Discussion in 'Stocks' started by Phill Twist, Feb 22, 2016.

  1. The oil price crash has squeezed investment in the industry to the weakest levels in 30 years.
    Capital expenditure on global oil exploration and production is expected to fall 17% in 2016, following a 24% drop in 2015, according to the International Energy Agency's medium term outlook.
    "It is easy for consumers to be lulled into complacency by ample stocks and low prices today, but they should heed the writing on the wall: the historic investment cuts we are seeing raise the odds of unpleasant oil-security surprises in the not too distant future," said IEA Executive Director Fatih Birol on Monday.
    Oil prices plunged more than 70% over the past 18 months but have steadied in recent days. U.S. oil futures climbed 5.7% on Monday to trade above $33 per barrel.
    Freed from nuclear sanctions, Iran is expected to keep boosting production in the next five years, according to the agency's forecasts. The IEA sees Iran's output hitting 3.94 million barrels a day by 2021. The country pumped just under 3 million barrels a day in January.

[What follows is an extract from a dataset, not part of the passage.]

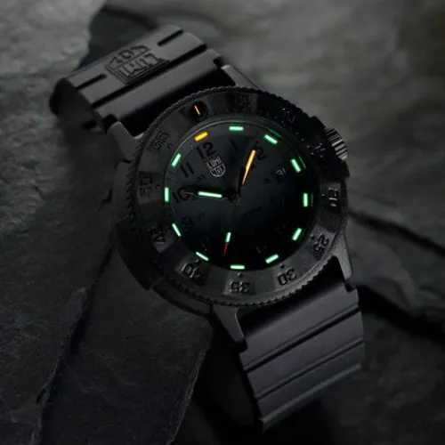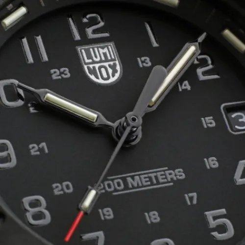 Die Black Out-Version unterstreicht die Vorteile der Luminox Light Technology. Angetrieben von dem raffinierten, äusserst präzisen und in der Schweiz hergestellten Ronda 515 Quarzwerk, verfügt das strukturierte Zifferblatt über ein Datumsfenster auf 3 Uhr und ein Saphirglas.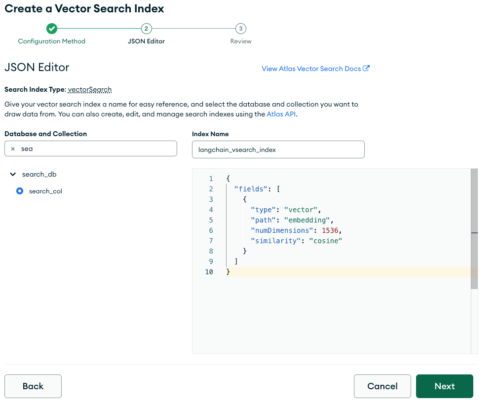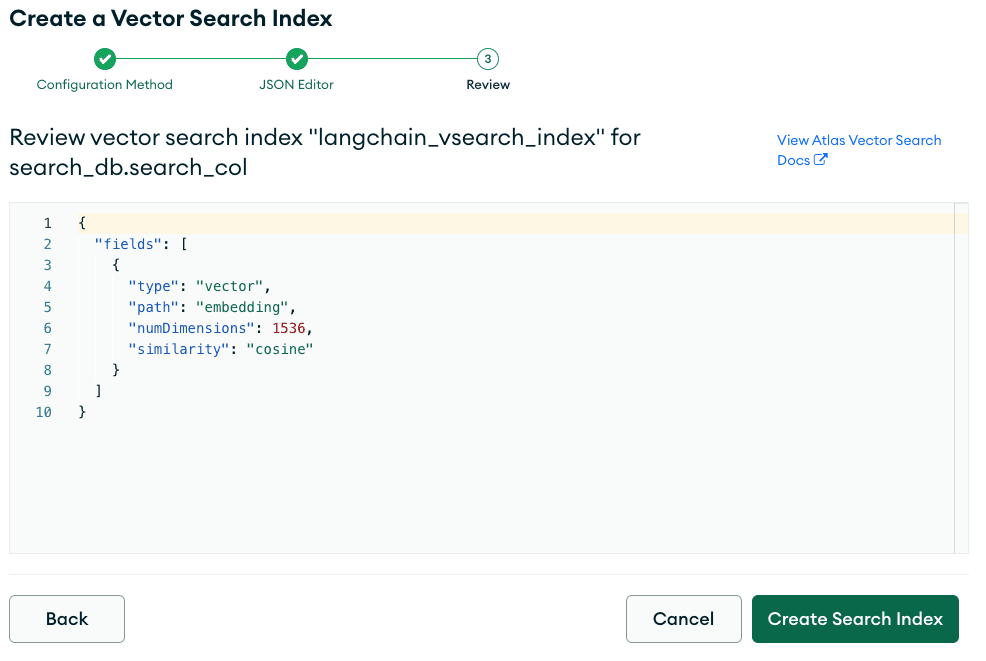 # Connect to your cluster client = MongoClient(MONGODB_URI) collection = client["langchain_db"]["test"] # Create your vector search index model, then create the index search_index_model = SearchIndexModel( definition={ "fields": [ { "type": "vector", "path": "embedding", "numDimensions": 1024, "similarity": "cosine" }, { "type": "filter", "path": "page_label" } ] }, name="vector_index", type="vectorSearch" ) collection.create_search_index(model=search_index_model)

    As for demand, markets will continue to pivot towards Asia, the report said. Indian consumption is expected to grow in the next five years, as more motorists take to the roads. Meanwhile, Chinese demand growth will cool in tandem with the economy, the agency forecasts.
     
  2. An uncredited cut paste from CNN-Money, not OP's own work.
     
  3. Most of the people don't want to take risks, though I'm almost sure that oil will cost at least $45 by the end of the year.